Smethwick Cricket Club
- League: Birmingham & District Premier Cricket League

Team information
- Founded: 1835
- Home ground: Broomfield

History
- Premier Division wins: 3
- Official website: Smethwick Cricket Club

= Smethwick Cricket Club =

Amateur Cricket Club in Smethwick, Sandwell, England

Smethwick Cricket Club, founded in 1835, is an amateur cricket club based in Smethwick, Sandwell, England. In 1891, Smethwick Cricket Club joined the Birmingham and District Cricket League. Smethwick have five Senior XI teams: The 1st XI play in the Birmingham & District Premier League Premier Division, and the 2nd, 3rd and 4th XI compete in the Warwickshire County Cricket League.

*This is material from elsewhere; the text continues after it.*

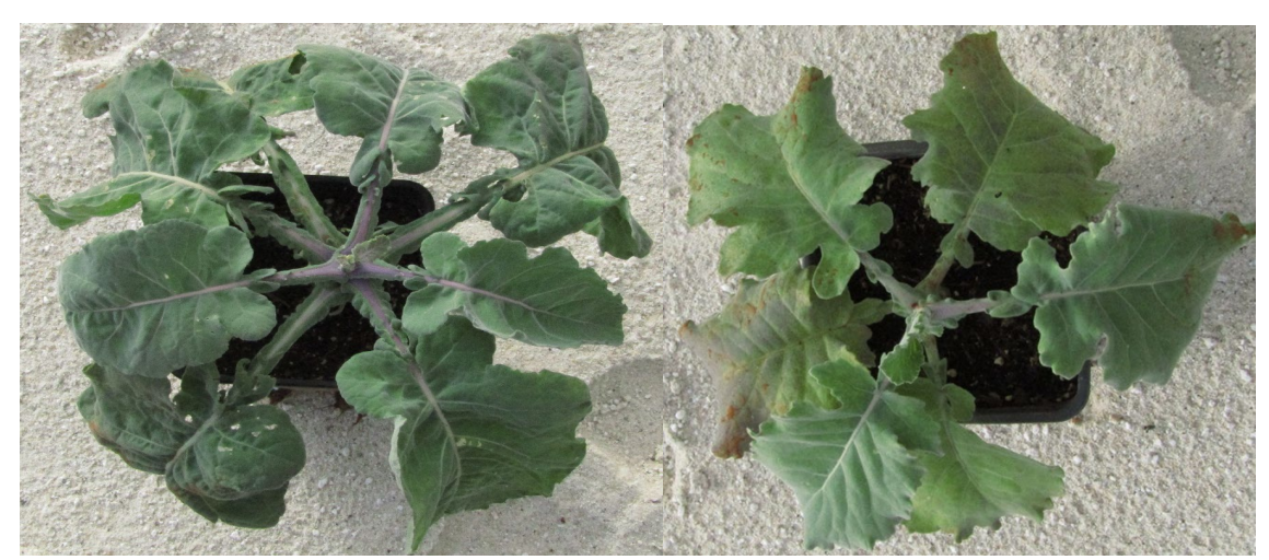
Figure 2. B. mollis (Koločep, left) and B. incana (Vis, right) grown under greenhouse conditions at IPTPO, Croatia

the plants survived the summer and autumn of 2021 and we expect another flowering during spring 2022. We plan to enable controlled pollination using small hives with bumblebees to enhance seed production.

Smethwick CC also have a Sunday XI that play in the Arden Sunday Cricket League, and an established junior section that plays competitive cricket in the Warwickshire Youth Cricket Leagues. Smethwick have been Birmingham and District Premier League Champions on 5 occasions in 1951, 1968, 2022, 2024 and 2025

==International players==
International players who have played for the club include: Azhar Mahmood, Mohammad Akram, Mohammad Yousuf, Wasim Akram, Kabir Ali, Mike Rindel and Steve Waugh.